Groan on the Rhone

Quest
Jack and Hannah Ormerod and Lucia, Delphine & Fin
Thu 2 Mar 2017 11:47
The last time I’d dived a shipwreck was the SS Yongala off the Great Barrier Reef. We’d gone down at dawn and she’d been covered in blue sea snakes like a broken medusa. This time, I’ve been nervous about seeing the RMS Rhone. I’ve been thinking about her last moments. With her engines running at full steam and her anchor down, she must have looked like a chain-smoker in the rain and the wind. She’d held too; it was only the brief trickster of the hurricane’s lull that had convinced her captain to lift that anchor and move to a safer anchorage. Her anchor chain breaking had sealed her fate. If Captain Wooley hadn’t decided to lift the anchor, then they may have continued to ride out the storm. Hindsight. What a luxury. 

Thinking about the noise and chaos that night, the awful fear her passengers and crew must have experienced and the eventual loss of most of their lives, I was nervous. The Rhone lies in two pieces. Her bow section remains the deeper dive but since it was mine and Mike from MickBeth’s first dive on her (the Cap having dived it twice already with his trusty dive buddy, Lu) we decided to dive the shallower stern end first. At this point, I have a confession to make. I’ve developed a small addiction to… here goes… Kalms. Alicia brought a couple of packs with her. ‘Try these,’ she said to me after living with us for a week. A week being all it took to know that living on a boat with your family has its four thousand interesting moments. She'd held up a couple of white pills and raised her eyebrows for effect. I swallowed them before I could say the word placebo. Not bad, I thought. Not bad at all. 

So the three of us dropped straight down onto the Rhone’s propellor. I stopped when I saw it. Two enormous blades sit vertically; one partially lodged into the sea bed while the other points towards the surface. Now here’s the bit that gets me. I used to be a calm and fearless diver. There was a time when dropping into darker and darker blue didn’t give me the slightest heebie. So what’s changed? I wondered furiously at myself. Meanwhile, Jack and Mike had descended completely and looked as if they were standing by two huge, underwater doors. I was still mid-water, my heart doing its own thing irrespective of what I told it to. Ahh, I thought suddenly.. the Kalms. In my heart-knocking, hard-to-breathe anticipation of the dive, I’d taken two earlier. Before thinking that no matter what placebo effect they may have, it would double at 10m. Triple at 20. Hmmm. 

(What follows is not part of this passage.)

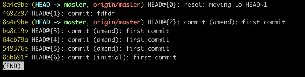 на изображении видно что произошло, указатель HEAD подвинулся в прошлое, об этом говорит надпись reset: moving to HEAD~1 и слева видно, что хеш коммита 8a4c9be теперь снова равен "старому" значению. Обратите внимание, что самый последний коммит не пропал, ссылка на него есть, достаточно просто перейти на него обратно, например так:

Jack turned towards me. 'Are you ok?' he asked with his hands. Actually, I’d love to get the hell out of here, I thought but jiggled my hand like I wasn’t sure. He swam up, grabbed my hand and together we went down to the propellor. He made us into a little three-man queue to go through the swim through; through the propellor, under a long ledge and out again. From here, the Rhone’s stern lies like a metal rib cage. Heart still beating like a drum kit's floor tom, I swam and tried to concentrate on corals instead, sponges, colours everywhere. It struck me that everything down here is filtering something, Christmas Tree Worms with their spiral projections, peacock worms waving brown feathers, sponges purple and slimy to stop any one taking a hopeful bite, I touched everything and anything to steady myself. And then a flash and Jack swam off, Mike not far behind. I followed, rounded a corner and found Jack wrestling the biggest crayfish I’d ever seen. He was holding it in two hands and it was still bucking out of them. He recoiled, the crayfish scratched its spiny way out and shot off backwards into a piece of metal wreckage. Another lost supper, I shrugged and went to turn away until I saw Mike’s _expression_. Of course. Not everyone’s seen Jack do this on a regular basis. He hadn’t finished either. He poked around the crayfish’s refuge for a few minutes, finally coming out empty-handed except for a single antenna. He shook his head and Mike shook his back and they buddied up together. We swam to the Rhone’s plaque then which reminds divers this is a no fish/no take-zone. See? I pointed to its words and back to Jack. He shrugged. Even with his regulator in, Mike's smile was unbroken. Boys.

A dive boat picked up the buoy next to Quest as we were filling our bottles for the second dive. ‘Did you see the crayfish down there?’ Jack called over to a blond South African diver. ‘Yeah,’ the South African shouted back, ‘we call him Cray-zilla.’ 'Good thing you didn’t take Cray-zilla,’ I muttered under my breath. Happily for the second dive, my head was still cotton wool but my heart beat out more cymbals and less snares. Except when we were standing by the propellor again, I unclipped my camera from my jacket, went to turn it on and discovered the charging compartment was waving peacefully in the current. Uh-oh. I peered into the camera. A new waterline ran right through the middle of the lens. I showed Jack. His eyes bulged behind his mask. 'Was it me?' he asked with a pointing finger. ‘No, me,’ I waved back. No more camera. Groan on the Rhone.